Sprinklr
Result
$80MM to $4.1B at IPO
Business Challenge
That was then, now is now. Back in 2012, just three years after birthing his idea in his entrepreneurial “garage” (a room in his house), Ragy Thomas, founder and CEO, had gained foothold in building a stunning and timely software to apply to the rising business use of social media. Sprinklr was at $80MM valuation and a few hundred employees. Ever the brand champion, Ragy recognized he and leadership had underwhelmed in telling its story more powerfully to enterprise customers, investors and internally to build its culture.
Customer Insight
Sprinklr was, as most tech companies were and continue to be, more tech-speak than human voice. So, decision makers and influencers weren’t connecting with the brand on a human, emotional level, where all evidence, including neuroscience, showed any purchase decision begins and grows.
I asked Ragy and leadership two “dumb” elephant-in-the-room questions: “What’s most important, Trust or Respect?” and “What Business Are You Really In?” After listening, really listening to customers. And digging deeper into real strategic conversation, I answered (and showed neuroscience evidence) that 1. Trust comes before Respect. And, to my own branding brain, 2. Sprinklr was not just another company in the business of technology. It was in the business of Knowing something More Trustworthy …about the most important investor on the planet. The customer.
Brand Position/Strategy
Know thy Customer. So you can serve them better, so they can know and trust you — to make them happier. The positioning of knowing a person better was simple and touched on a larger truth: people just want to be happier at every step of “getting a job done” in life.
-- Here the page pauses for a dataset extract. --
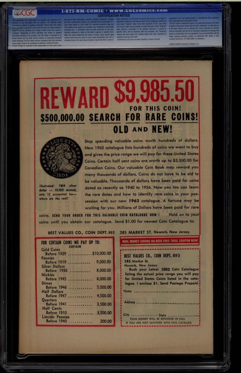 The Auctioneer has reserved the right to reject any and all bids, and to bid at the auction. Auctioneers Auctions are not on approval. Auctioneer does not allow certified material to be returned because of possible differences of opinion with respect to the grade offered by any third party organization, dealer, or service. Absolutely no guarantee of grade is offered for un-certified property sold and subsequently submitted to a third-party grading service. There will be no exceptions to this policy. Under extremely limited circumstances, (e.g. gross cataloging error) a purchaser, who did not bid from the floor, may request Auctioneer to evaluate voiding a sale; such request must be made in writing detailing the alleged gross error, and submission of the lot to the Auctioneer must be pre-approved by the Auctioneer. Bidder must notify Auctioneer in writing of such request within three (3) days of the non-floor bidder receipt of the lot. Any lot that is to be evaluated must be in our offices within 30 days after Auction. Grading does not qualify for this evaluation process nor do such complaints constitute a basis to challenge the authenticity of a lot. AFTER THAT 30-DAY PERIOD, NO LOTS MAY BE RETURNED FOR REASONS OTHER THAN AUTHENTICITY. Lots returned must be housed intact in the original holder. No lots purchased by floor Bidders may be returned (including those Bidders acting as agents for others). Late remittance for purchases may be considered just cause to revoke all return privileges. B: Auctions conducted solely on the Internet have a THREE (3) DAY RETURN POLICY: Lots paid for within seven days of the Auction closing are sold with a three (3) day return privilege. You may return lots under the following conditions: Within three days of receipt of the lot, you must first notify Auctioneer by contacting Client Service by phone (314-680-8599) or e-mail (moundcityauctions@gmail.com), and immediately mail the lot(s) fully insured to the attention of Returns, Mound City Auctions 1081 Teson Rd. Hazelwood, MO. 63042. Lots must be housed intact in their original holder and in their original condition. You are responsible for the insured, safe delivery of any lots. Auctioneer will not be responsible for lots returned in non-registered mail or lots returned without prior authorization per section B. A non-negotiable return fee of 5% of the purchase price ($10 per lot minimum) will be deducted from the refund for each returned lot or billed directly. Postage and handling fees are not refunded. After the three-day period (from receipt), no items may be returned for any reason. Late remittance for purchases revokes all Return-Restock privileges. C: Bidders who have inspected the lots prior to the auction will not be granted any return privileges. D: Comic books sold referencing a third-party grading service are sold “as is” without any express or implied warranty. Certain warranties may be available from the grading services and the Bidder is referred to them for further details: Certified Guaranty Company, LLC. (CGC), P.O. Box 4738, Sarasota, FL 34230. E: Bidders who intend to challenge authenticity or provenance of a lot must notify Auctioneer in writing within thirty (30) days of the Auctions conclusion. In the event Auctioneer cannot deliver the lot or subsequently it is established that the lot lacks title, provenance, authenticity, or other transfer or condition issue is claimed, Auctioneer's liability shall be limited to rescission of sale and refund of purchase price; in no case shall Auctioneer's maximum liability exceed the high bid on that lot, which bid shall be deemed for all purposes the value of the lot. After one year has elapsed, Auctioneer's maximum liability shall be limited to any commissions and fees Auctioneer earned on that lot. F: All comics are guaranteed genuine, but are not guaranteed as to grade, since grading is a matter of opinion, an art and not a science, and therefore the opinion rendered by the Auctioneer or any third party grading service may not agree with the opinion of others (including trained experts), and the same expert may not grade the same item with the same grade at two different times. G: Since we cannot examine encapsulated comics, they are sold “as is”without our grading opinion, and may not be returned for any reason. Auctioneer shall not be liable for any patent or latent defect or controversy pertaining to or arising from any encapsulated collectible. In any such instance, purchaser's remedy, if any, shall be solely against the service certifying the collectible. H: Due to changing grading standards over time, differing interpretations, and to possible mishandling of items by subsequent owners, Auctioneer reserves the right to grade items differently than shown on certificates from any grading service that accompany the items. Auctioneer also reserves the right to grade items differently than the grades shown in the prior catalog should such items be reconsigned to any future auction. I: Although consensus grading is employed by most grading services, it should be noted as aforesaid that grading is not an exact science. In fact, it is entirely possible that if a lot is broken out of a plastic holder and resubmitted to another grading service or even to the same service, the lot could come back with a different grade assigned. J: Certification does not guarantee protection against the normal risks associated with potentially volatile markets. The degree of liquidity for certified collectibles will vary according to general market conditions and the particular lot involved. For some lots there may be no active market at all at certain points in time."
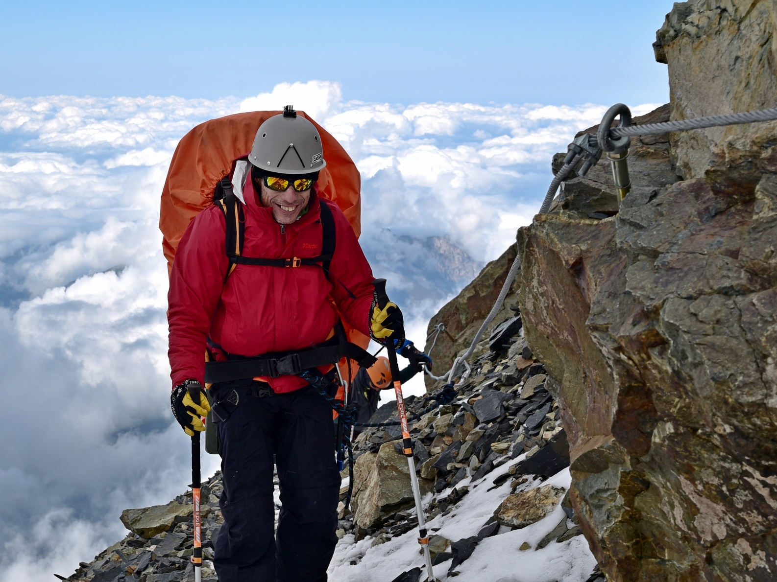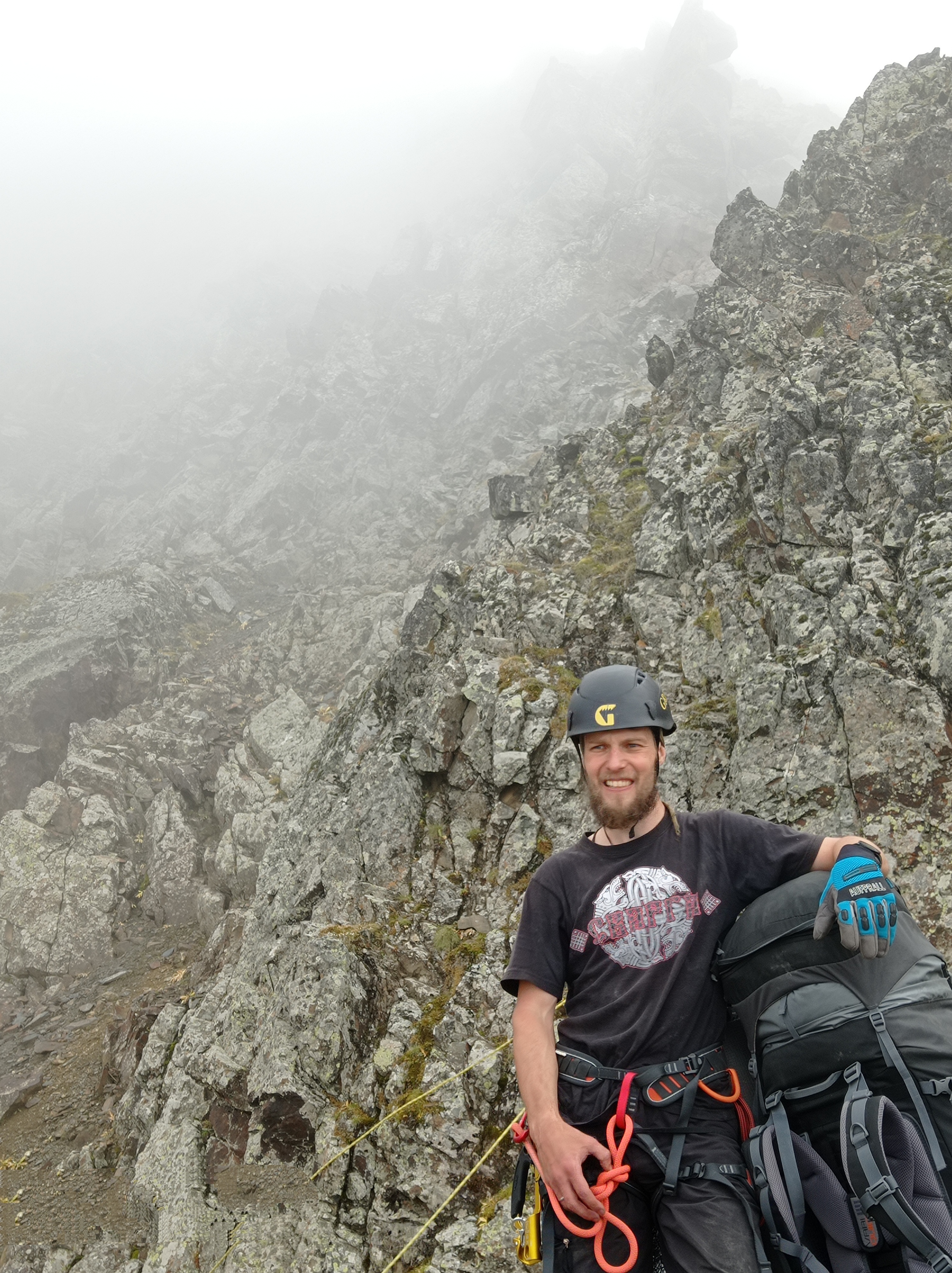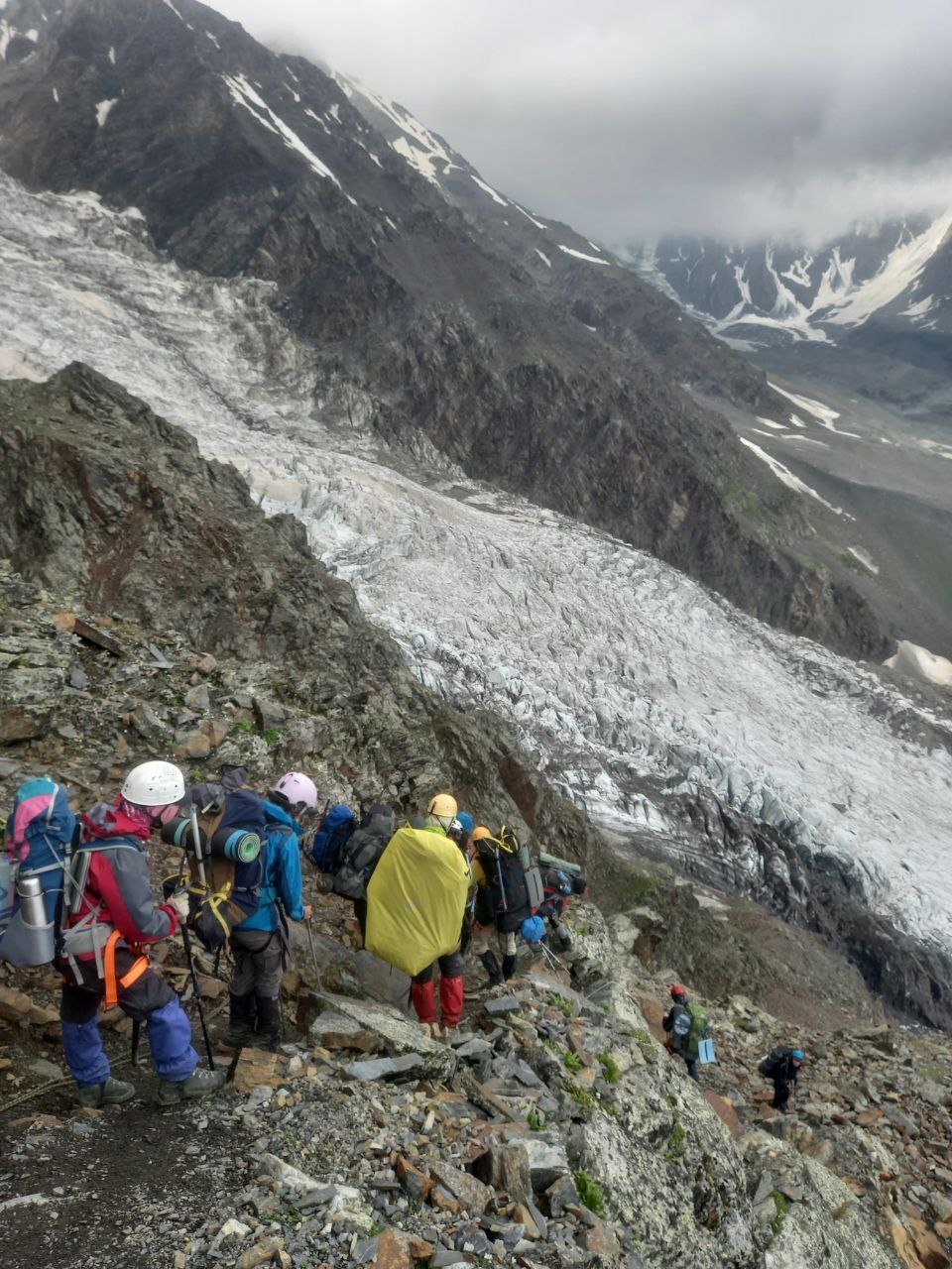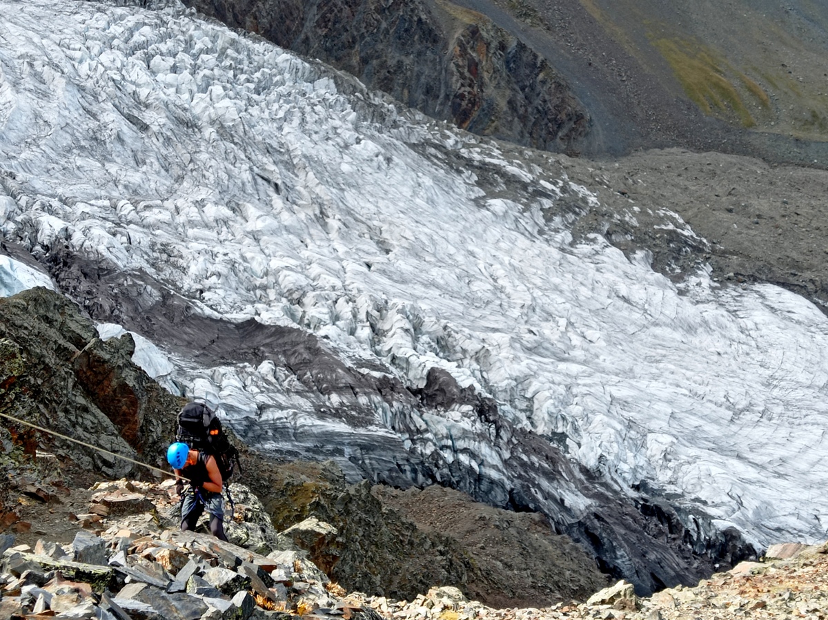 Снимаем кошки, убираем ледорубы и палки. Начинаем подъем по скальному контрофорсу

It inspired conversation and built real relationships with customers and internally across all departments. Building a simple Trust (warmth) in Sprinklr as people and ethos, before asking for Respect for its technology.
Brand/Marketing Creative
1. Mission, core values, brand position
2. Internal/Culture building, office design
3. Real-customer videos
4. Real-customer artifacts
5. Product Videos
Many of the customer/investor “touchpoints” were purposely not digital; artifacts and other experiences through which people could touch and feel the brand, hand to heart to brain.